The CFPB is proposing a new set of guidelines to ensure people will be able to retain their homes. Here are the major points in the proposal:

  • The proposed rule would provide a special pre-foreclosure review period that would generally prohibit servicers from starting foreclosure until after December 31, 2021.
  • The proposed rule would permit servicers to offer certain streamlined loan modification options to borrowers with COVID-19-related hardships based on the evaluation of an incomplete application.
  • The proposal rule wants temporary changes to certain required servicer communications to make sure borrowers receive key information about their options at the appropriate time.

A final decision is yet to be made, and some do question whether the CFPB has the power to delay foreclosures. The entire report can be found hereProtections for Borrowers Affected by the COVID-19 Emergency Under the Real Estate Settlement Procedures Act (RESPA), Regulation X.

4. If All Else Fails, Homeowners Will Sell Their Homes Before a Foreclosure

Homeowners have record levels of equity today. According to the latest CoreLogic Home Equity Report, the average equity of mortgaged homes is currently $204,000. In addition, 38% of homes do not have a mortgage, so the level of equity available to today’s homeowners is significant.

Just like the banks, homeowners learned a lesson from the housing crash too.

“In the same way that grandparents and great grandparents were shaped by the Great Depression, much of the public today remembers the 2006 mortgage meltdown and the foreclosures, unemployment, and bank failures it created. No one with any sense wants to repeat that experience…and it may explain why so much real estate equity remains mortgage-free.”
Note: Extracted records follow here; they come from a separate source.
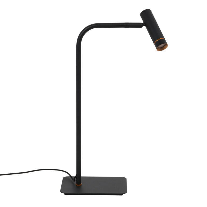 La Lumo 4606ZW es una lámpara de mesa compacta con un elegante diseño negro y sutiles detalles en color dorado. Con una altura de 45 cm, esta lámpara es perfecta para colocar en un escritorio, mesita de noche o mesa auxiliar.
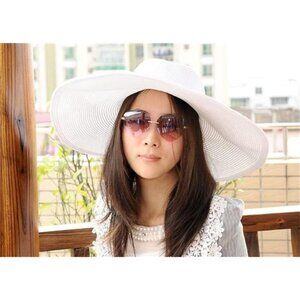 Women Floppy Derby Hat Wide Large Brim Beach Straw Sun Cap
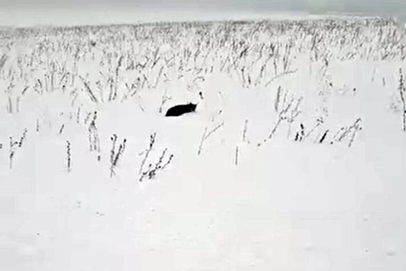 Görüntülerde, vaşağın oldukça bitkin olduğu ve çevredeki hareketliliğe rağmen kaçacak gücü bulamadığı dikkat çekti. Bir süre koştuktan sonra nefeslenmek için duran vaşak, içgüdüsel olarak karların arasına yatarak kendini gizlemeye çalıştı.
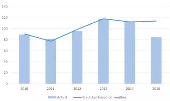 通過(guò)回顧分析,我們發(fā)現(xiàn),在2010年、2012年、2013年和2014年,北京的氣象因素和空氣質(zhì)量之間,是有強(qiáng)相關(guān)的。但是在2015年北京的實(shí)際PM2.5濃度,與基于氣象因素的空氣預(yù)測(cè)值相比明顯偏低,也就是說(shuō)今年的空氣質(zhì)量和氣象因素的關(guān)聯(lián)性沒(méi)有以往那么高。

What does that mean to the forbearance situation? According to Black Knight:

“Just one in ten homeowners in forbearance has less than 10% equity in their home, typically the minimum necessary to be able to sell through traditional real estate channels to avoid foreclosure.”

Bottom Line

The reports of massive foreclosures about to come to the market are highly exaggerated. As Ivy Zelman, Chief Executive Officer of Zelman & Associates with roughly 30 years of experience covering housing and housing-related industries, recently proclaimed:

“The likelihood of us having a foreclosure crisis again is about zero percent.”